Task objective ▸ Please return the listing below exactly, without any of its pictures.

Data supplied ▸
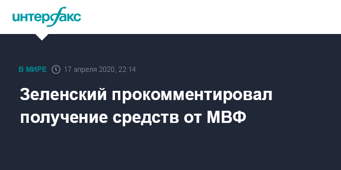 Москва. 17 апреля. INTERFAX.RU - Президент Украины Владимир Зеленский заявил, что властями страны не рассматривается сценарий с объявлением дефолта, и Украина намерена получить финансовую помощь от Международного валютного фонда.
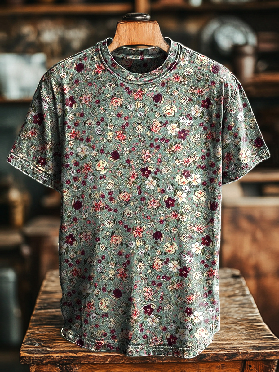 Unisex Retro Abstract Floral Print Casual Loose Short Sleeve T-Shirt
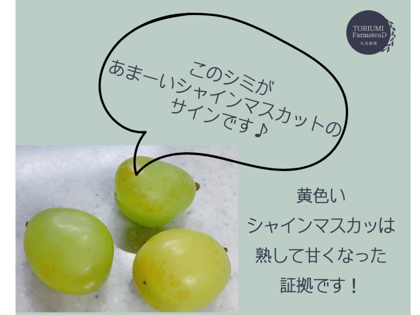 木にならせたまましっかりと熟させることで、黄色い甘いシャインマスカットになるんです♪
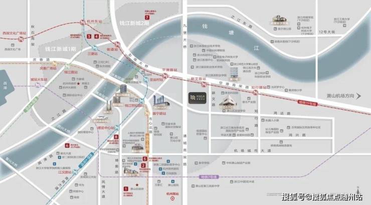 君潮润府所在的奥体东板块,与钱江世纪城的关系,可以说是“无缝衔接”。项目直距地铁19号线耕文路站仅约280米,一站直抵亚运村,两站萧山机场,三站杭州东站。这种交通的高效与便捷,放在杭州任何一个低密项目里,都算得上顶配。
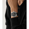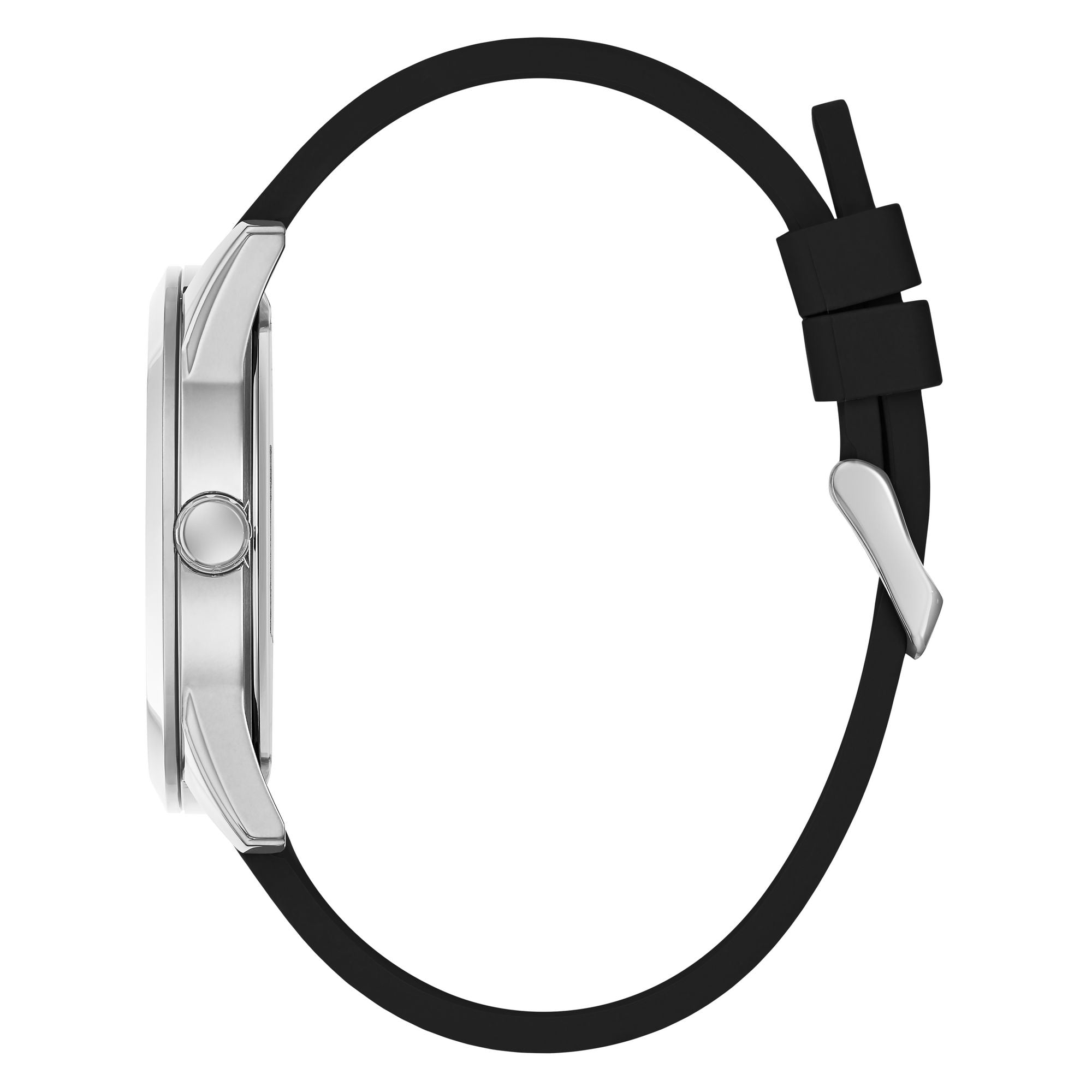 Sure to be a staple in his watch wardrobe, this new dress style features dynamic detailing on the dial paired with roman numeral indices and a smooth silicone strap.

Exercise output ▸
 Москва. 17 апреля. INTERFAX.RU - Президент Украины Владимир Зеленский заявил, что властями страны не рассматривается сценарий с объявлением дефолта, и Украина намерена получить финансовую помощь от Международного валютного фонда.
 Unisex Retro Abstract Floral Print Casual Loose Short Sleeve T-Shirt
 木にならせたまましっかりと熟させることで、黄色い甘いシャインマスカットになるんです♪
 君潮润府所在的奥体东板块,与钱江世纪城的关系,可以说是“无缝衔接”。项目直距地铁19号线耕文路站仅约280米,一站直抵亚运村,两站萧山机场,三站杭州东站。这种交通的高效与便捷,放在杭州任何一个低密项目里,都算得上顶配。
 Sure to be a staple in his watch wardrobe, this new dress style features dynamic detailing on the dial paired with roman numeral indices and a smooth silicone strap.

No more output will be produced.